MP’s Column

Be forgiven for thinking that all is lost when absorbing what the media has to say about Britain at the moment. I’ve read articles that diagnose a ‘full blown identity crisis’, that the UK is ‘ill at ease with itself’ even ‘unmoored, heading to nowhere’. Well, sorry but this is just not the tone I recognise whether talking to people in West Cornwall or London. There is some frustration regarding the progress of EU negotiations and an understandable and entirely sensible demand for greater clarity regarding future trade and movement of labour.

I also see an emerging and strengthening sense of opportunity and better still, people have recognised that leaving the EU enables us to look afresh at how we do business, what matters most to us and what kind of Britain we want to be part of and leave to our children. In the past two weeks I’ve had three meetings to discuss our fishing industry in West Cornwall and on Scilly. Each has been constructive, positive and about building a sustainable and thriving future for Cornish fishing. I’ve attended meetings where equally ambitious plans have been discussed on how to revive and support our farming sector whilst protecting and promoting the environment. We are certainly not unmoored.

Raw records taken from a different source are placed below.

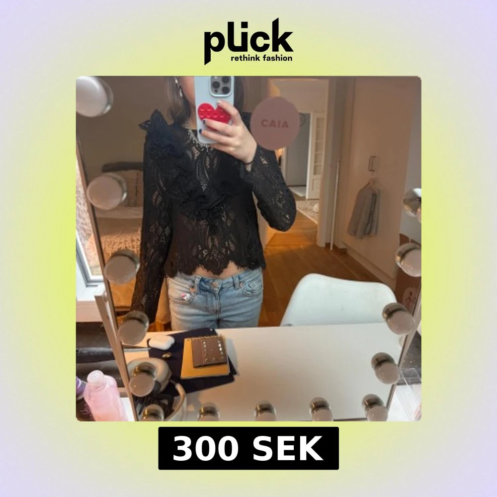 Säljer en elegant svart spetsblus med vackra volangdetaljer. Blusen har långa ärmar och en fin struktur som ger en lyxig känsla. Perfekt för att lyfta vilken outfit som helst.
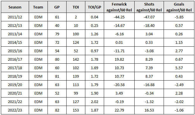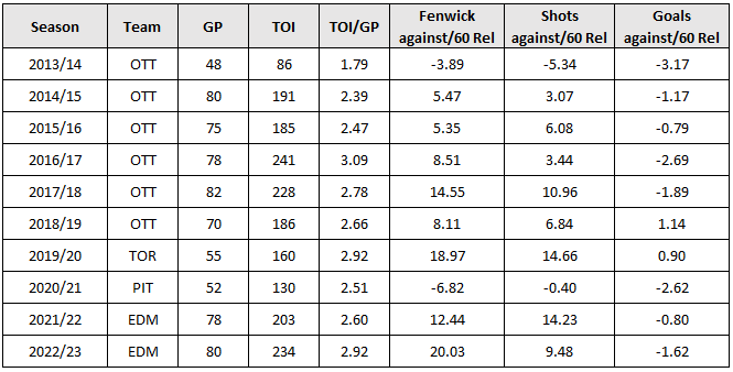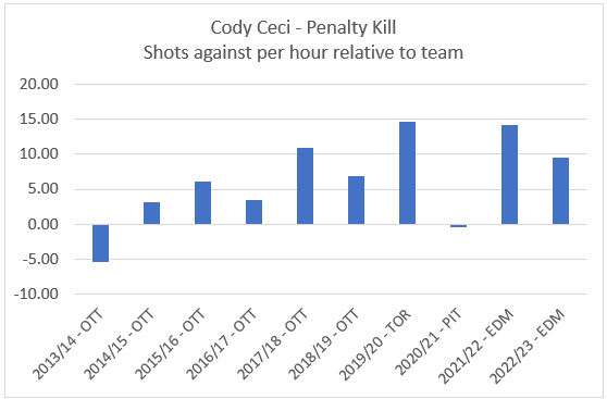 The other option to consider is removing Ceci altogether from the penalty kill. For pretty much his entire career, Ceci’s on-ice rate of shots against on the penalty kill has been higher than his team’s rate. Put another way – over his career, Ceci’s team’s consistently did a better job at suppressing shots against when he wasn’t on the ice. The only time Ceci’s numbers were closer to his team’s levels was in Pittsburgh, the year before the Oilers signed him – and this appears to have been an outlier season. And unfortunately for him and the Oilers, his on-ice shot suppression number continue to be poor on the penalty kill and in-line with his career levels.
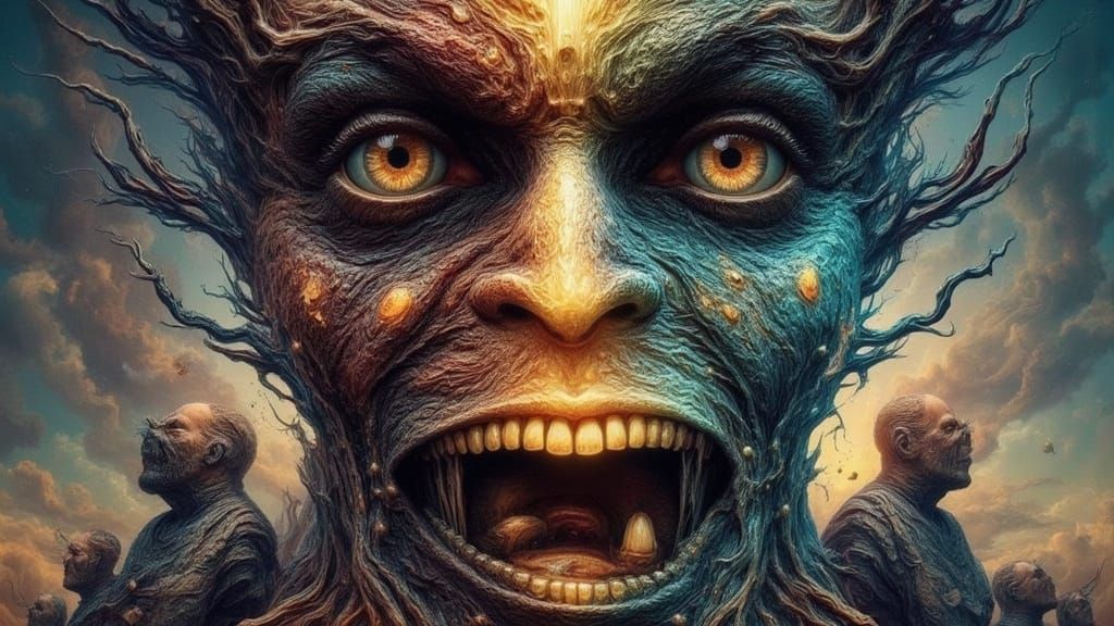 This image reveals hidden faces and figures within a surreal, dreamlike composition, created with intricate detail in a hyperrealistic style. It features unsettling, mutated facial features and fractal elements.
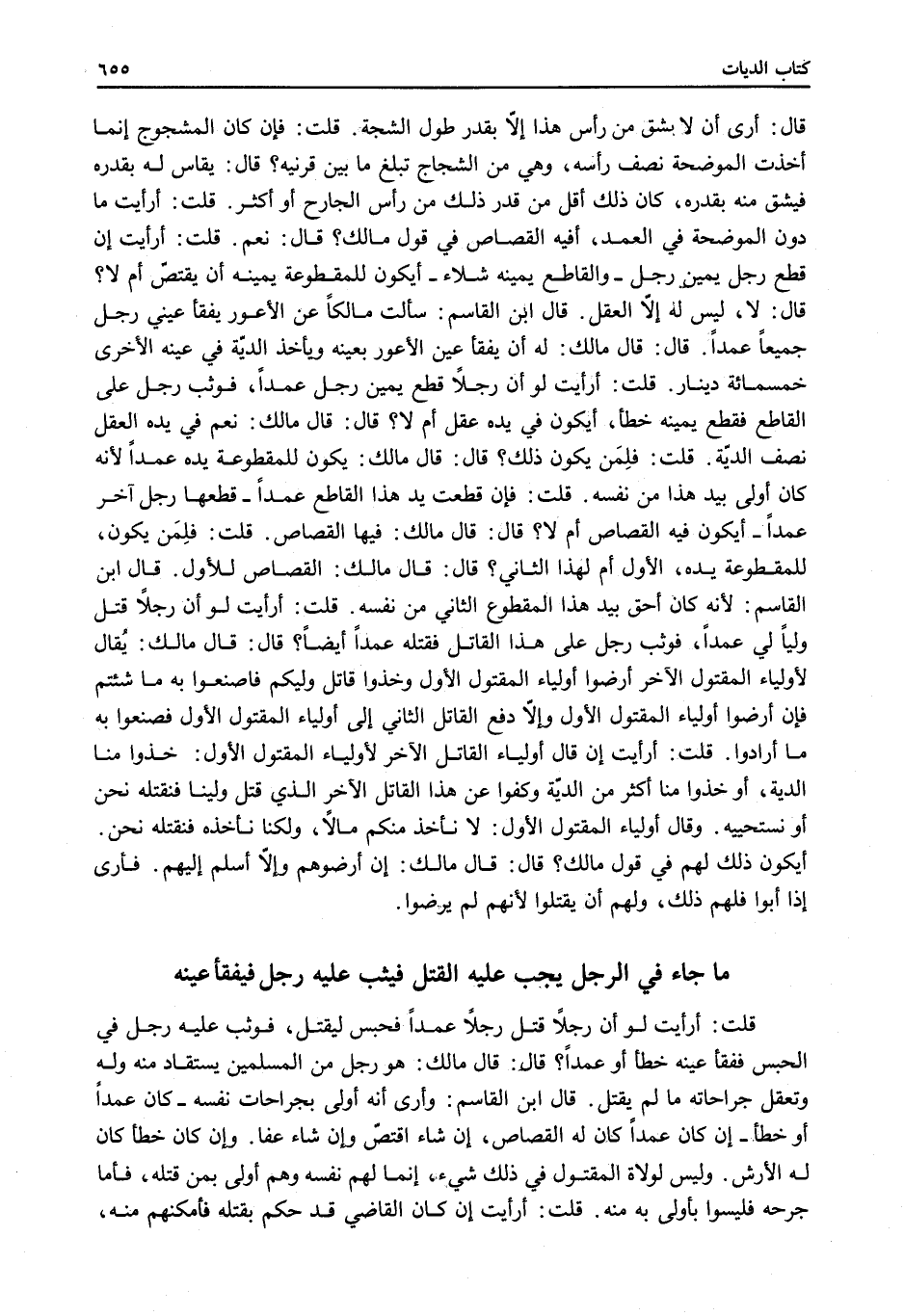 قُلْتُ: أَرَأَيْتَ لَوْ أَنَّ رَجُلًا قَتَلَ رَجُلًا عَمْدًا فَحُبِسَ لِيُقْتَلَ، فَوَثَبَ عَلَيْهِ رَجُلٌ فِي الْحَبْسِ فَفَقَأَ عَيْنَهُ خَطَأً أَوْ عَمْدًا؟ قَالَ: قَالَ مَالِكٌ: هُوَ رَجُلٌ مِنْ الْمُسْلِمِينَ يُسْتَقَادُ مِنْهُ وَلَهُ وَتُعْقَلُ جِرَاحَاتُهُ مَا لَمْ يُقْتَلْ.
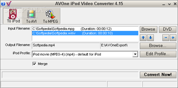 Convert AVI to MPEG format file AVOne iPod Video Converter is not only an avi to iPod converter but can convert avi file to MPEG1 or MPEG2 file.
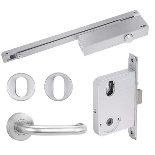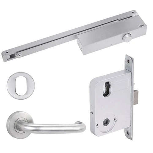 The Yale Simplicity Series is total door solution specifically targeted at the multi-residential development new construction market. Supplied in a consolidated door kit the Yale Simplicity Series incorporates a range of stainless steel rose door furniture, a mortice lock and door closer specifically intended for use on apartment doors.
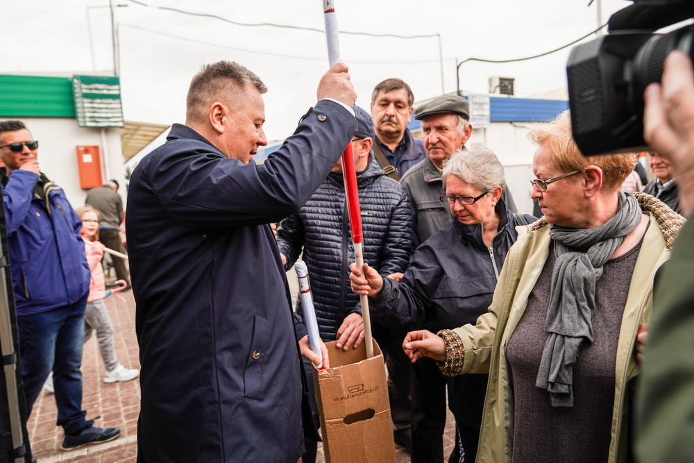 Wśród osób, które pojawiły się na miejski targowisku i otrzymały flagi byli m.in. poseł Leszek Galemba czy radny wojewódzki Robert Popkowski.
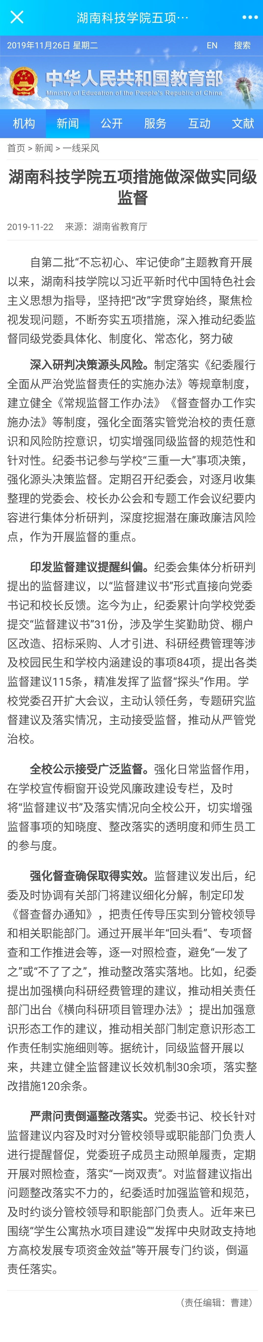 文章指出,自第二批“不忘初心、牢记使命”主题教育开展以来,2026世界杯官方合作网站以习近平新时代中国特色社会主义思想为指导,坚持把“改”字贯穿始终,聚焦检视发现问题,不断夯实“深入研判决策源头风险、印发监督建议提醒纠偏、全校公示接受广泛监督、强化督查确保取得实效、严肃问责倒逼整改落实”五项措施,深入推动纪委监督同级党委具体化、制度化、常态化,努力破解“不能监督、不敢监督、不会监督”难题。
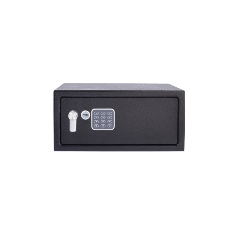 Cassaforte da mobile serie Value per Laptop La cassaforte da mobile Yale è perfetta per la casa o per le camere d'albergo. Può essere collocata all'interno di armadi o altri mobili e, grazie al suo display LCD retroilluminato, non si hanno problemi di lettura anche negli ambienti più bui. Facile accesso con codice PIN Questa cassaforte si apre tramite un PIN da tre a otto cifre facile da impostare. Vengono anche fornite due chiavi, in caso di PIN dimenticato o quando si cambiano le batterie. Indicatori di stato Le casseforti presentano due luci per una facile lettura dello stato di sicurezza: verde per apertura, rosso per errore o bassa batteria (lampeggia) Meccanismo di bloccaggio È dotato di bulloni di bloccaggio da 16 mm che vengono retratti dall'impugnatura una volta immesso il codice corretto. Lockdown automatico per la massima protezione Verrà attivato un blocco di 20 secondi se viene inserito un codice errato 3 volte. Funzionamento: Serratura elettronica con apertura manuale
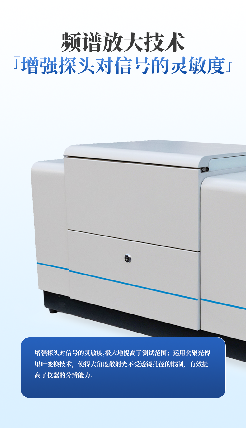 | 頻譜放大技術(shù) | 增強(qiáng)探頭對信號的靈敏度,極大地提高了測試范圍;運(yùn)用會聚光傅里葉變換技術(shù),使得大角度散射光不受透鏡孔徑的限制,有效提高了儀器的分辨能力。 |
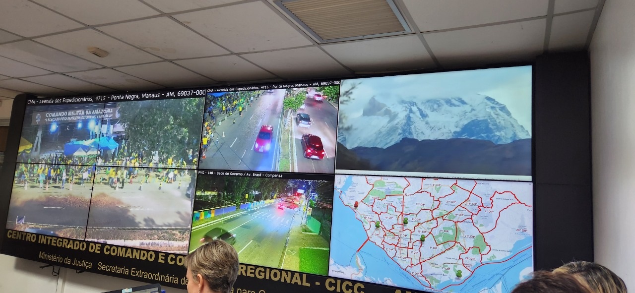 A Prefeitura de Manaus, por meio da Secretaria Municipal de Segurança Pública e Defesa Social (Semseg) e do Centro de Cooperação da Cidade (CCC), se reuniram na noite deste domingo, 8/1, com o Gabinete de Crise do Estado, para discutir as ações preventivas aos possíveis atos antidemocráticos. O encontro aconteceu no Centro Integrado de Comando e Controle (CICC), localizado na avenida André Araújo, bairro Aleixo, Zona Centro-Sul.
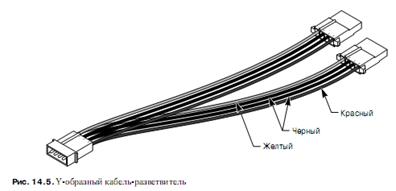 6. Подключите к накопителю кабель питания; чаще всего он четырехжильный со стандартным разъемом. При необходимости приобретите Y-образный кабель-разветвитель (рис. 14.5), чтобы получить возможность подключить два устройства к одному разъему блока питания.
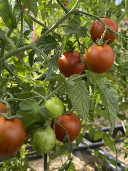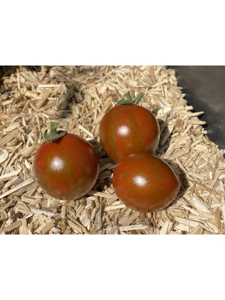 La Tomate Cerise Noire Tigrée est une variété de tomate cerise de type indéterminé, appréciée pour ses fruits au calibre moyen, pesant entre 20 et 25 grammes. Sa peau, d'un pourpre très sombre, presque noir, est ornée de subtiles stries vertes, conférant à cette variété un aspect unique et décoratif. La chair, d'un brun profond, est juteuse et offre un goût sucré, équilibré et légèrement fumé, idéal pour les amateurs de saveurs originales.

In a meeting this week with leading UK digital technology companies I learned that the UK is a world leading centre for entrepreneurs and that despite, and possibly because of Brexit, EU cities are ‘super keen to partner with London’ in the technology space. It is the case that Britain is the global hub of fin-tech (technologies used to support financial services). It was also stated that our Financial Conduct Authority (FCA) is recognised as the most progressive regulator in the world making it easier for new technologies to establish within a flexible but safe regulatory framework.

The UK remains the fifth largest economy, unemployment is at an all time low, the gap between imports and exports is reducing, foreign investment is on the up as are our schools and universities. There are certainly some challenges, not least the skills gap, which if addressed will lead to many more skilled, better paid Cornish jobs. Rather than facing an identity crisis I believe we see an emerging self-confidence.